Well, these first two subjects had served their purpose. It was time to examine them in-depth, pathologically, to see any differences in the viral exposure on a genetically identical subject. Grabbing her tri-beam, she walked over to the rooms she was using to house the subjects. There was no reason to keep these two feeling any more distress.

---xxxxxx---

She had managed to get into the overseer's office that evening. She was putting on hold any further experiments after dissecting the two Gary's. There were significant divergences in how the exposure effected the two identical Gary's, despite being exposed to an identical amount of virus in an identical way.

She suspected that there was a significant amount of randomness in every FEV exposure up to a certain point, which might make studying it less useful than she thought.

While the Overseer's room didn't have the two miniguns on the arms of the Overseer's chair like she remembered from Fallout 1 & 2, it did have a ceiling-mounted machine gun that damaged one of her robots before it was destroyed by two high-output lightning beams.

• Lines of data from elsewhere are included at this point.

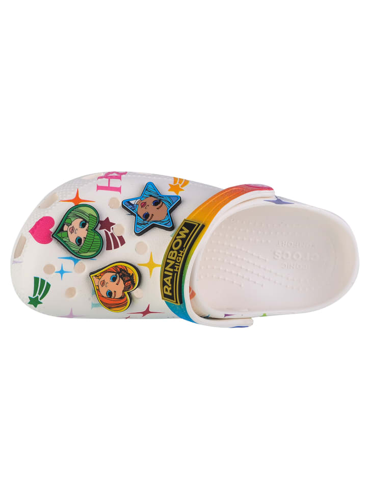 Детские сабо Crocs Classic Rainbow High 208117-90H. Шлепанцы для девочек. Цвет: белый, Материал: синтетика, Тип застежки: без застежки, Форма носка: круглая.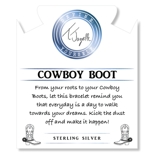 Denim Blue Agate Gemstone Bracelet with Cowboy Boot Sterling Silver Charm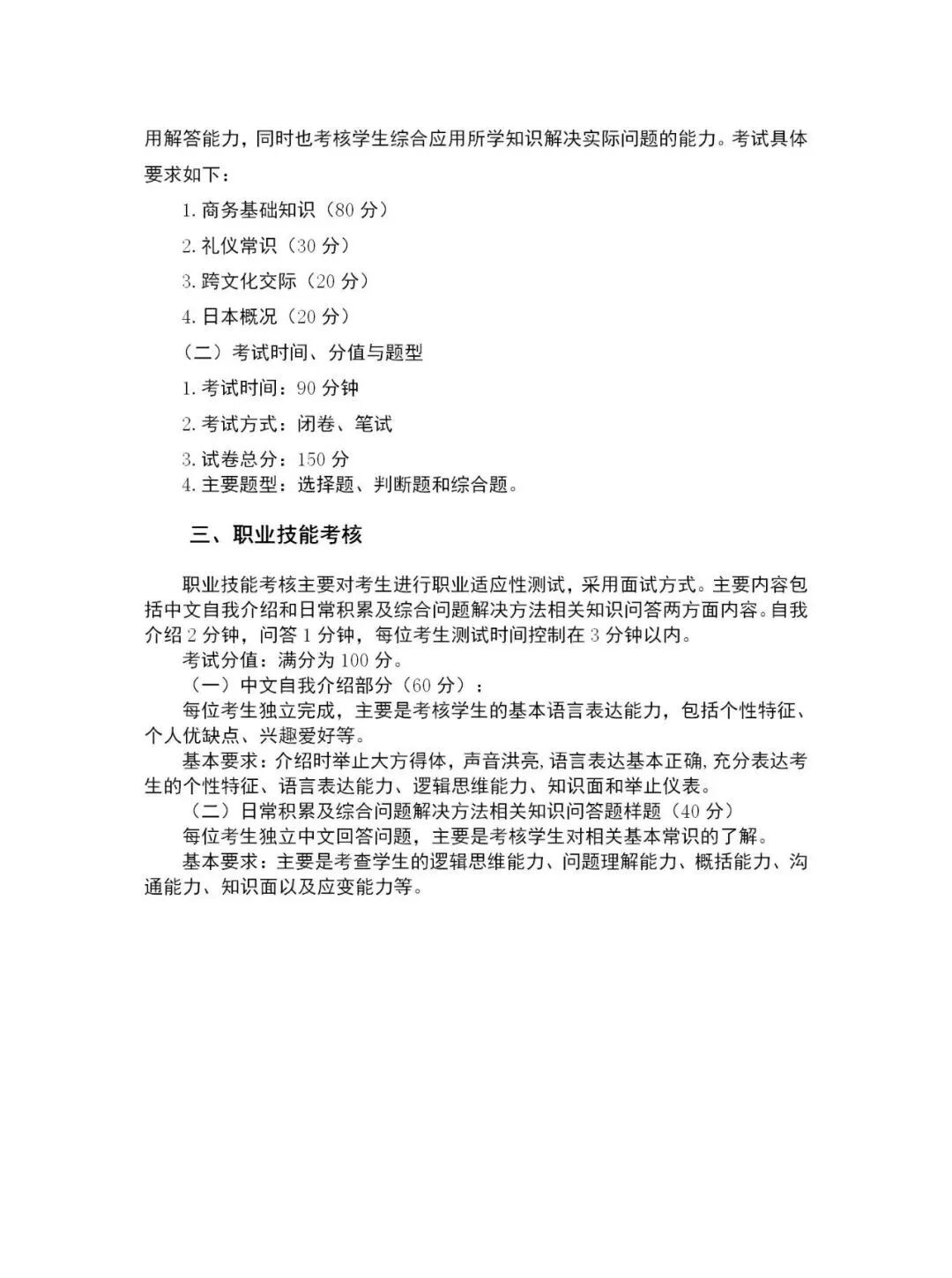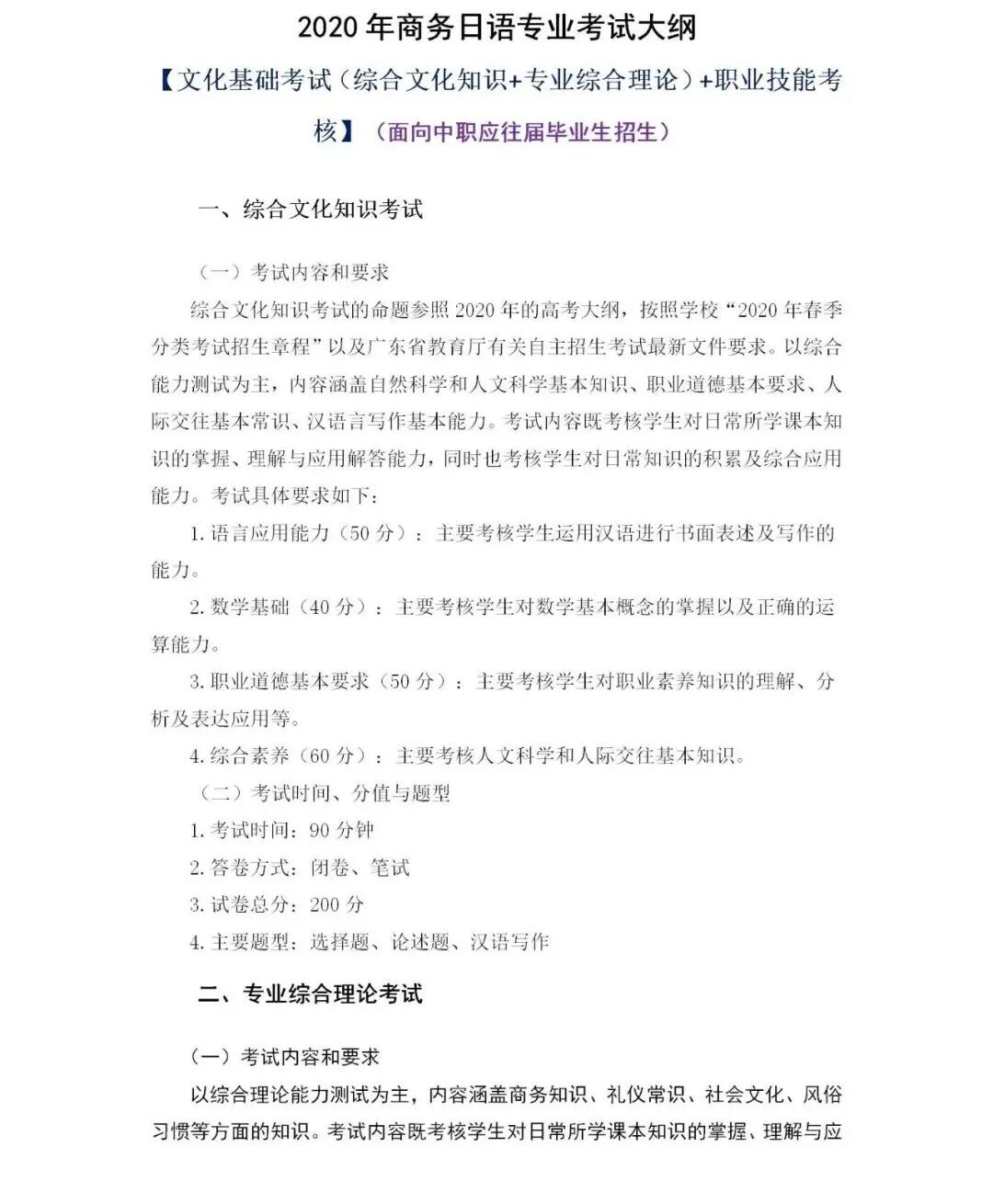 2020年商务日语专业考试大纲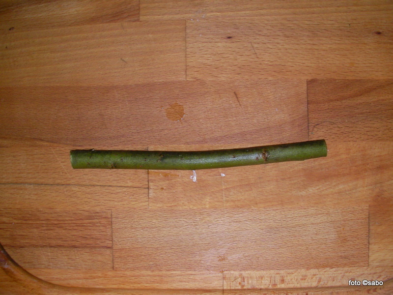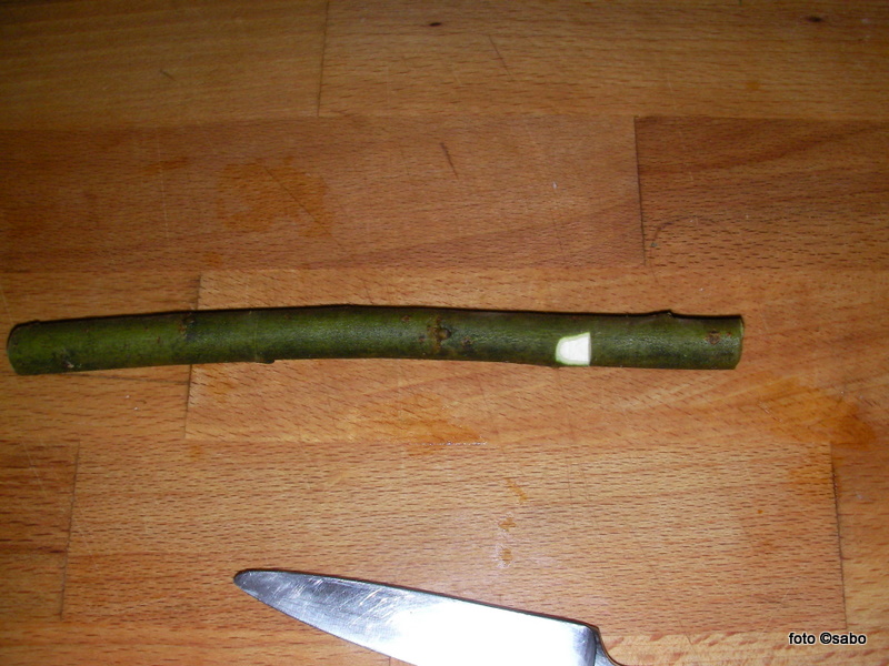 Wenn man einen etwa zwei Finger langen und möglichst fingerstarken jungen Ast findet, der möglichst gerade ist und gleichbleibende Dicke hat, dann schneidet man diesen großzügig von der Pflanze ab.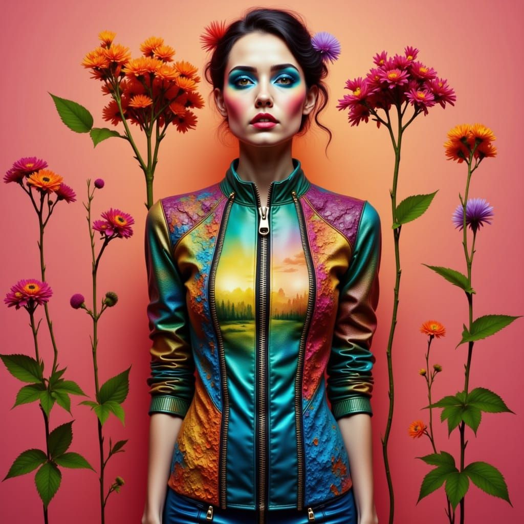 This image shows a woman wearing a vibrant, multi-seasonal outfit with zipper details, in a surreal and intricate digital art style.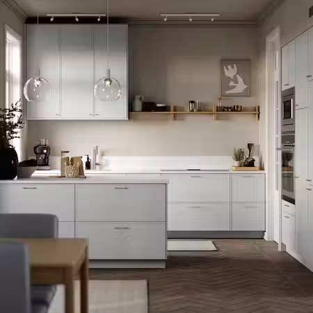 Дополните фасадами ХАВСТОРП светло-серого цвета, чтобы создать современный, спокойный и гармоничный интерьер.

In the Overseer's files, Lily found what she thought might be the secret purpose of Vault 108. When she first got here, she thought maybe it was a breeding test, considering the prominently labelled "Female Dormitories," but she had already uncovered an area labelled "Male Dormitories," as well, which put paid to that theory.

The Overseer's protocol didn't lay the entire purpose behind the experiments out, but Lily could read between the lines. Vault 108 was, unsurprisingly, a test of cloning technology. But specifically, they were testing the ability to copy an existing brain into a newly grown clone.

The Overseer was to select a non-essential male and female person so the tests could be conducted. In the Overseer's notes, he had already selected a maintenance worker named Gary Kaminski but was waiting on the first phase being completed before selecting a female "volunteer."

After their brains were copied into a series of new clones, the experiment was to transition to a social one studying how a group of people with identical memories would interact with their fellows and how they would interact with a group of similar people of the opposite gender. They clearly hadn't gotten that far.

Lily wasn't surprised. It wasn't specifically stated, but this was immortality research at its root, too. The average person might not consider an exact duplicate of themselves as a route to immortality, but a lot of people would. Plus it would make a very good way to create tons of super-soldiers; you only had to train one completely and then just copy his brain into a bunch of clones. Bonus points if you could adjust their memories, so the clones didn't know they were clones.

Wasn't that the plot of a Tom Cruise film? She couldn't quite remember.

It did make her all the more curious about what precisely she would find in the lower-level labs of this Vault. Already her robots were working in that direction. She would have to have a good path clear of debris if she intended to loot the labs to the bedrock, in any case, so now it was just a matter of waiting.

She considered her Garys-in-Waiting. Well, she had enough time to run one more FEV experiments on a pair. It would likely take a day or more to clear more than the small path the Gary's used to get in and out of the lower labs. She needed to clear an entire corridor, after all.

She paused to consider. She would let the transformation go a little longer this time. But this time, she would program a number of medichines to keep the Gary's brain oxygenated as best as they could. And perhaps they didn't need any of their limbs; it would assist Gary's heart to keep the brain oxygenated if there was less body mass to pump the blood through, after all. Plus, the transformation wasn't that interesting on the limbs. Just more muscle, denser skin. She's seen that, already.